Hey everybody,
another lifetime question I'm afraid, any help is appreciated.
Basically I'm trying to implement a caching functionality in my struct, meaning that data is only requested once and then stored, any subsequent requests should only return the already cached data. I want this cache to own the data, and the callee just receives a reference.
A MWE would look like this:
struct Cache {
data: Option<i32>, // init with None
}
impl Cache {
fn get(&mut self) -> &i32 {
if self.data.is_none() {
let new_data = request();
self.data = Some(new_data);
}
&self.data.as_ref().unwrap()
}
}
fn request() -> i32 {
32
}
The problem arises, when I access the data twice:
let mut c = Cache { data: None };
let data1 = c.get();
let data2 = c.get(); // borrow as mutable more than once at a time
println!("{} {}", data1, data2);
I do understand why this does not compile. The question is how to resolve this. Obviously I only need the mutable reference during the update of the local data memory, the returned value works with an immutable reference.
Following solutions I am considering (given that I'm quite new to rust):
- Missing lifetime annotations to achieve what I just described. To my understanding this would require having
&'a mut self
and&'b self
as parameters, which doesn't work. - My approach to implementing a cache is wrong. I don't see how to implement it otherwise, meaning how to split the mutable and immutable part, or how I would structure it differently
-
&
references are not enough.
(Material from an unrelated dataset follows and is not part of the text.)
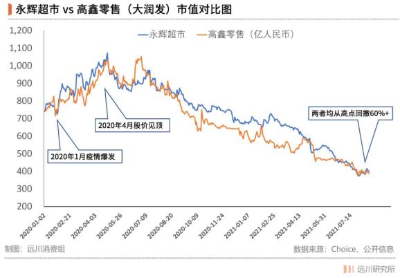 比如曾经遍布大小城市的“大润发”超市,在2019年仍然位列中国超市百强榜第2位,但其母公司——港股上市公司高鑫零售,疫情期间股价短暂接近历史新高后便一路阴跌,市值自高点已缩水62%。
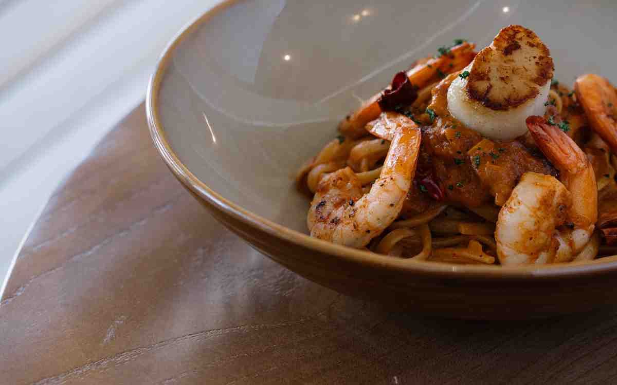 主廚使用新鮮蝦頭與蕃茄熬燉而成的高湯,堅持於 Sweet & Sour Life 自家廚房製作,不使用半成品。新鮮熬製而成的基底作為此道義大利麵的基底,使用鮮蝦與生食級干貝為主角,特別推薦給喜愛彈嫩口感與鮮香風味的顧客。

Although I'm not familiar with these yet, maybe I need sth likeRef
orRefCell
? - My concept of ownership is wrong. Given that rust revolves around ownership and borrowing, I keep a close eye that data is not duplicated unnecessarily (I'm working a lot with C#, meaning I'm used to pass-by-reference calls instead of duplication). Meaning, I try to conceptualize which struct should own the data and who gets references. Perhaps, that's also not the way to go about it.
In my code the requested data is not a simple i32
but some kilobytes coming from a http request, hence this caching idea.